Davide sospira ancora, allargando le braccia in segno di resa.
- Te l’avevo detto, io. – sbotta rassegnato, - Non ne è ancora venuto del tutto fuori.
*
Frattanto, dall’altro lato dell’oceano Atlantico, Zlatan Ibrahimović vive un attimo di confusione nel momento in cui, improvvisamente, il suo corpo decide di ribellarsi al suo comando e lui si ritrova con le orecchie che fischiano e uno starnuto che pressa per uscire dal fondo di un naso irrimediabilmente irritato. Fa appena in tempo a coprirsi la bocca, prima di starnutire rumorosamente, obbligando il suo nuovo allenatore a voltarsi per guardarlo con aria un po’ confusa.
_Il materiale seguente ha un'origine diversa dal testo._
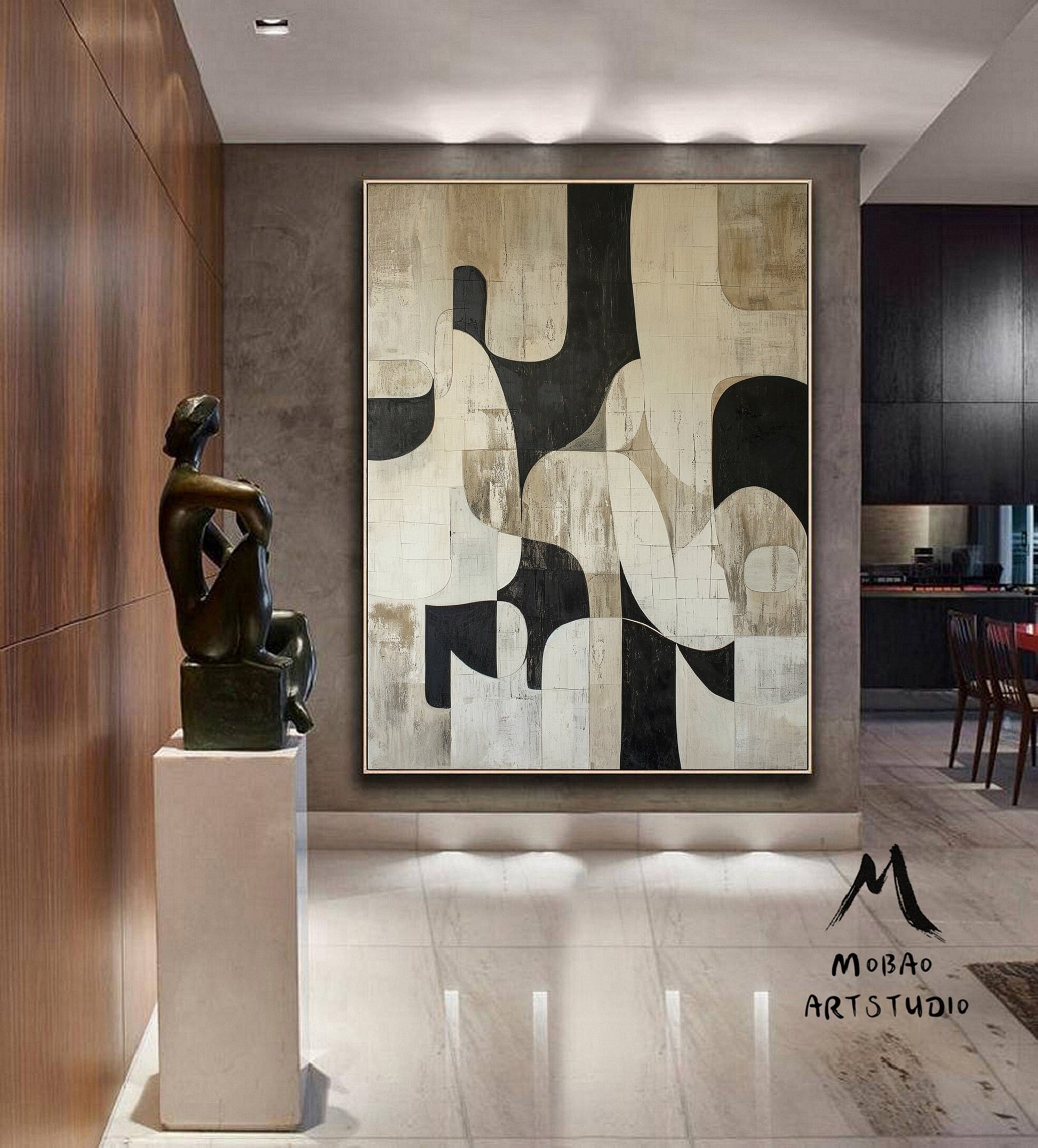 Black Wall Art Wabi Sabi Wall Art Beige Abstract Painting Large Black Minimalist Wall Art Beige Textured Canvas Painting Neutral Wall Decor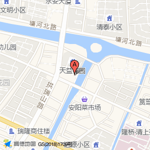 卢艺书法培训位于安康路258弄4栋(安阳菜市场)蔬菜市场东南方向107.093米的位置。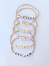 3MM beaded stretch letter bracelet. Material: 14 K gold filled or sterling silver 3mm beads with alphabet letter beads and durable elastic string.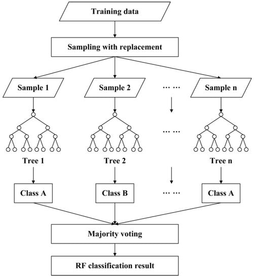 In the RF framework, the number of features applied in a classification is a user-defined parameter, but the RF algorithm is not sensitive to it []. The value is generally set to the square root of the number of all the input features []. Each decision tree in the forest is fully grown without pruning in order to insure low bias []. Finally, the forest chooses the most popular class as the final result (Figure 6).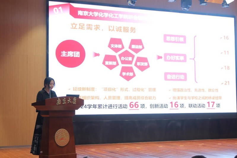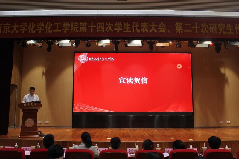 大会开始,高俊丰代表校研会宣读贺信,校研究生会充分肯定了过去一年中化院研会取得的成绩,并指出在今后的工作中,校院两级研究生会可以继续增进沟通、加强协作,深化落实“奋进行动”,推出更多精品项目。
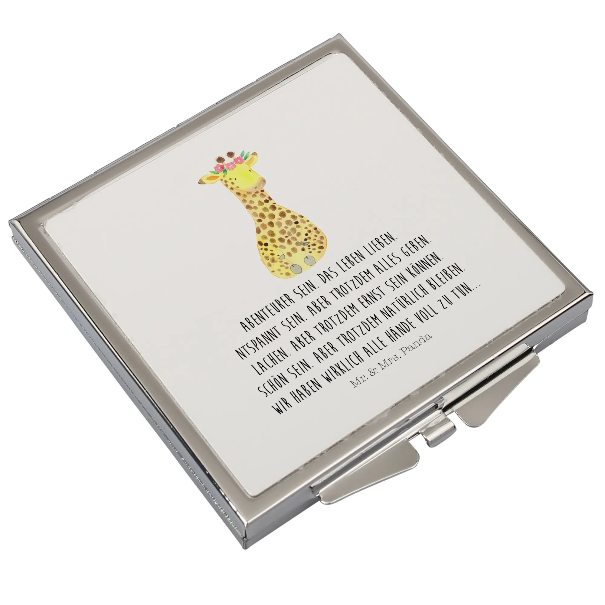 Handtaschenspiegel quadratisch Giraffe Blumenkranz - mit Spruch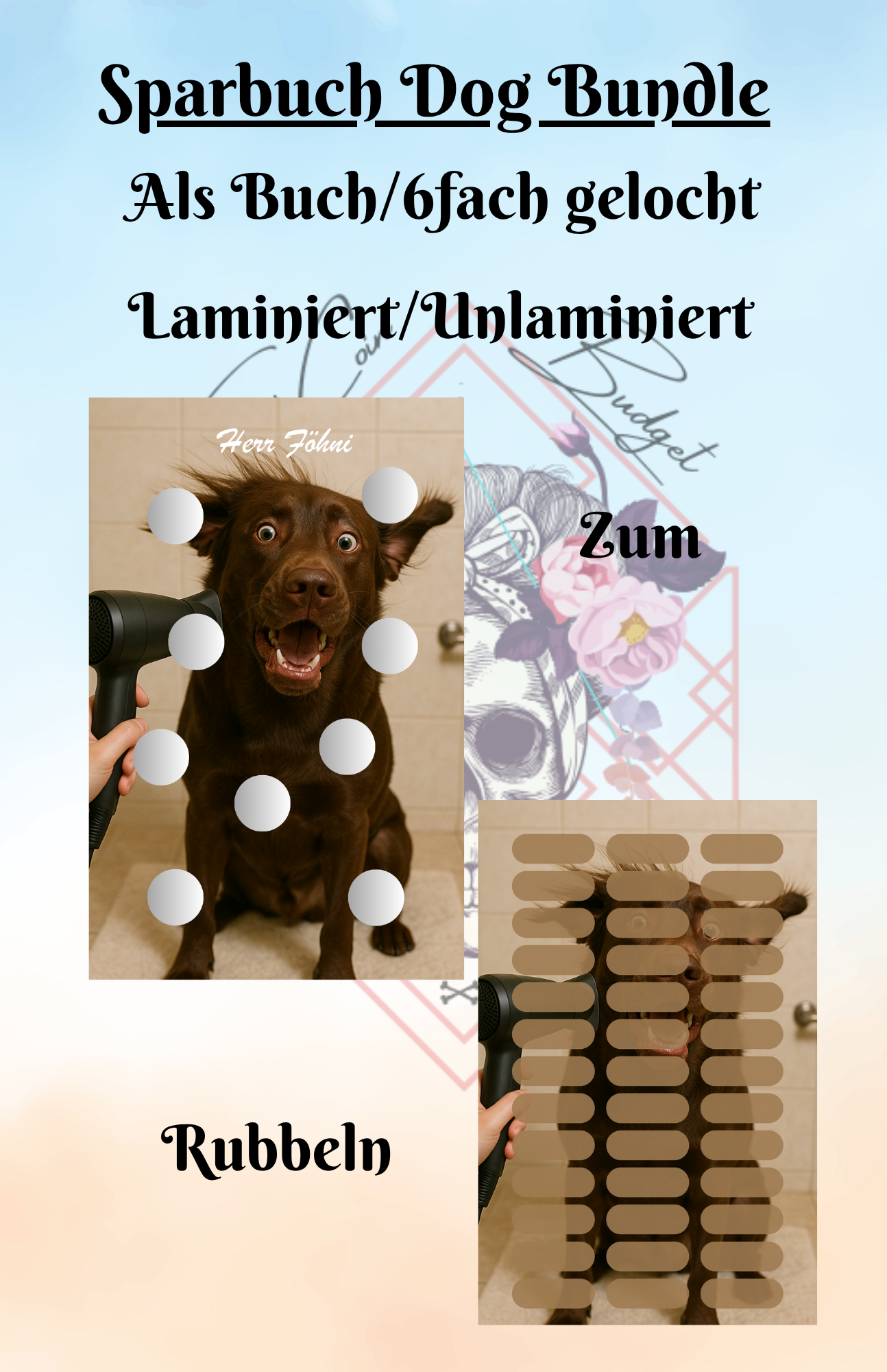 Sparbuch Dog Bundle zum rubbeln würfeln abstreichen Quersumme sparen und ausmalen.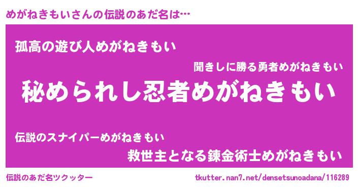 | 可愛いあだ名 | 『めがちー』『めっがぃー』 |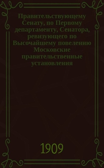Приложения к доношению Сенатора, ревизующего по Высочайшему повелению Московское Градоначальство, в Правительствующий Сенат, от Ноября 1908 г. за № 364 ; Санктпетербург : Сенатская типография, 1910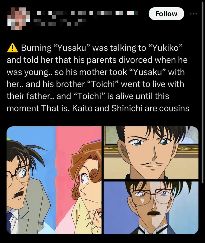 Thông tin này không chỉ chứng minh Yusaku và Kaitou Kid đời đầu là anh em ruột, mà dẫn đến việc Conan/ Shinichi và Kaito Kid hiện tại chính là anh em họ hàng, mang chung dòng máu ruột thịt.
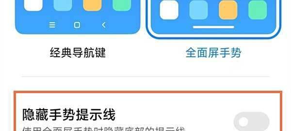 第三步:开启隐藏手势提示线开关在系统导航方式页面中,选择“全面屏手势”模式,并找到“隐藏手势提示线”选项。将该选项的开关滑动至开启状态,即可隐藏底部提示线。
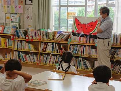 図書館支援員の方が、絵本の読み聞かせをしてくださいました。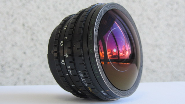 ОБЪЕКТИВ МС ПЕЛЕНГ 3,5/8 "FISHEYE" - уникальный сверх широкоугольный объектив "рыбий глаз" получил свое название благодаря большому углу поля зрение-180гр. Именно под таким углом глаз рыбы наблюдает из воды предметы,расположенные над поверхностью её поверхностью.Он отличается высоким качеством изображения и способностью передавать мелкие детали объекта.Изменяя привычные пропорции предметов, объектив позволяет достичь весьма необычных и впечатляющих изобразительных эффектов.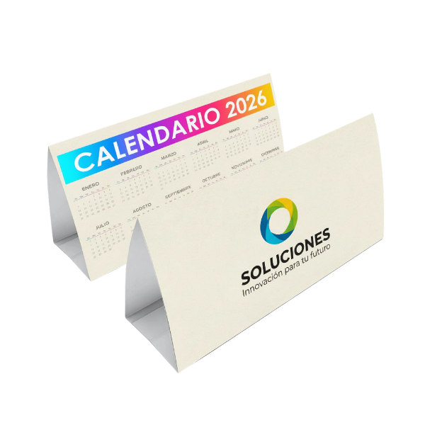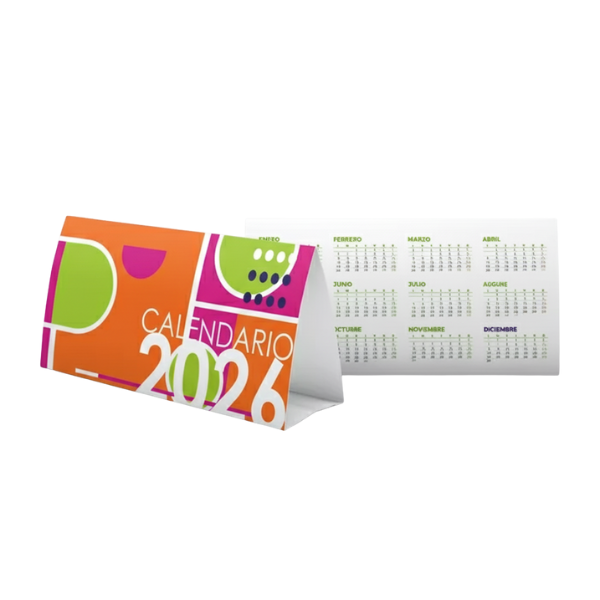 Ofrecemos calendarios de sobremesa personalizados en varios tamaños (15×21 cm y 10×21 cm), perfectos para escritorios de oficina, mostradores o espacios personales.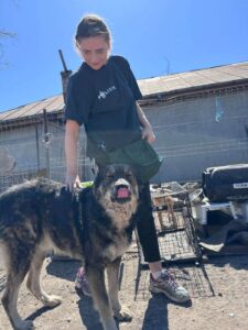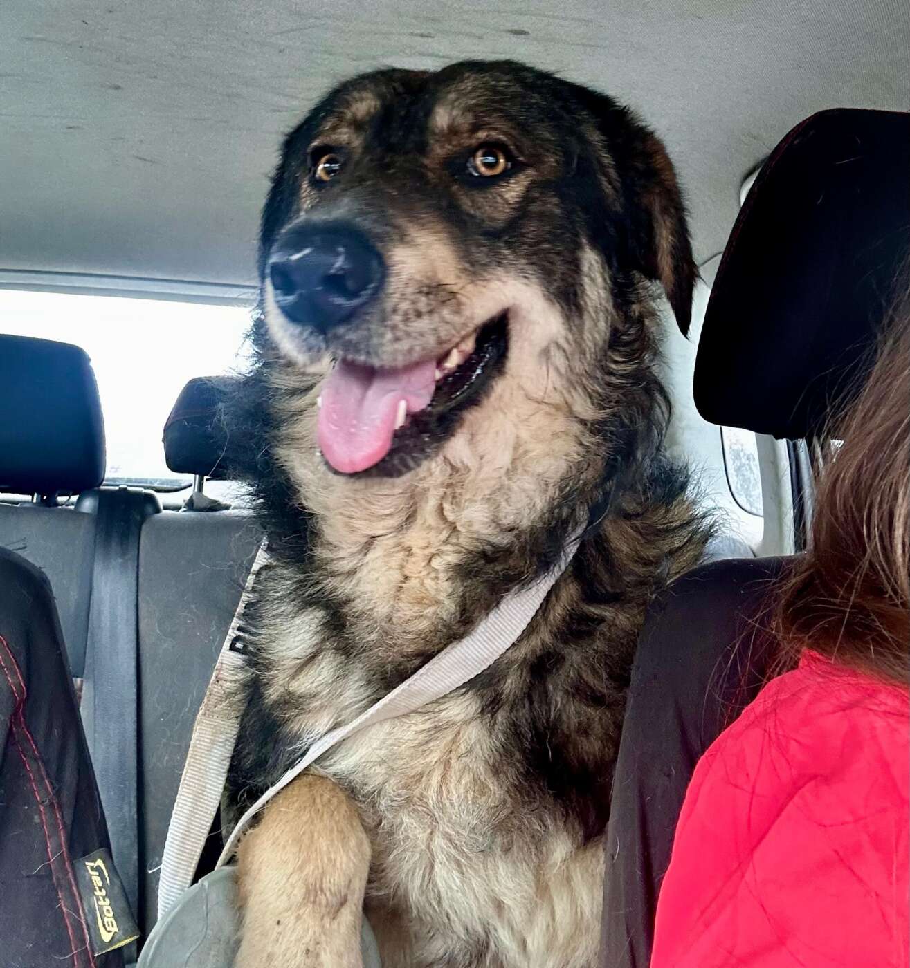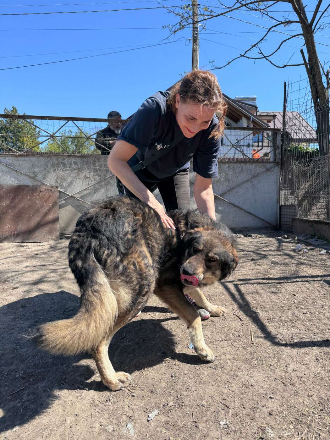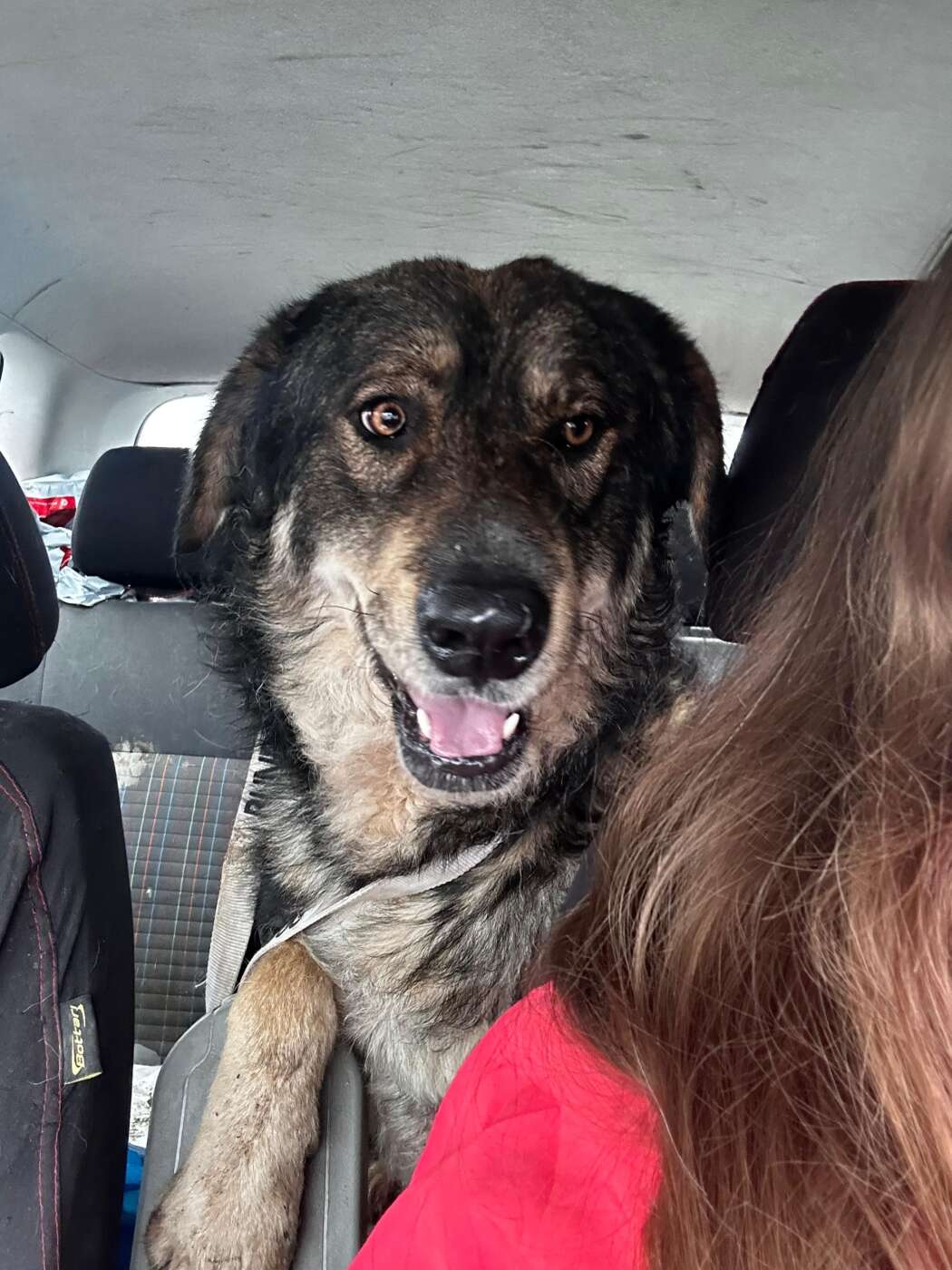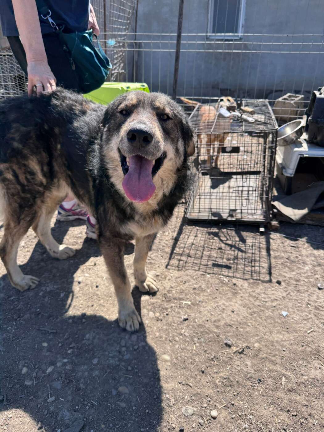 Odin liep rond bij het station, samen met een groep pups die daar ook probeerden te overleven. Wat direct opviel, was niet alleen dat Odin een grote, imposante verschijning is, maar vooral hoe hij zich over de kleintjes ontfermde. Hij speelde met ze, hield zich in hun buurt en leek zich verantwoordelijk voor hen te voelen. Toen er hulp werd ingeschakeld om de pups weg te halen, kon men deze bijzondere grote knul onmogelijk achterlaten. Odin ging mee.

- È tutto a posto? – chiede Pep, facendoglisi più vicino e mollandogli una pacca amichevole sulla spalla, - Non ti farai mica venire il raffreddore appena arrivato, mh? – ironizza prendendolo in giro.
- Ma no, ma no… - abbozza un sorriso Zlatan, scrollando le spalle e dirigendosi verso la sala in cui lo aspettano i medici, per le prime visite, mentre Mino, al suo fianco, gli porge un fazzoletto per asciugare il naso, - È stato solo un momento di confusione. È già passato.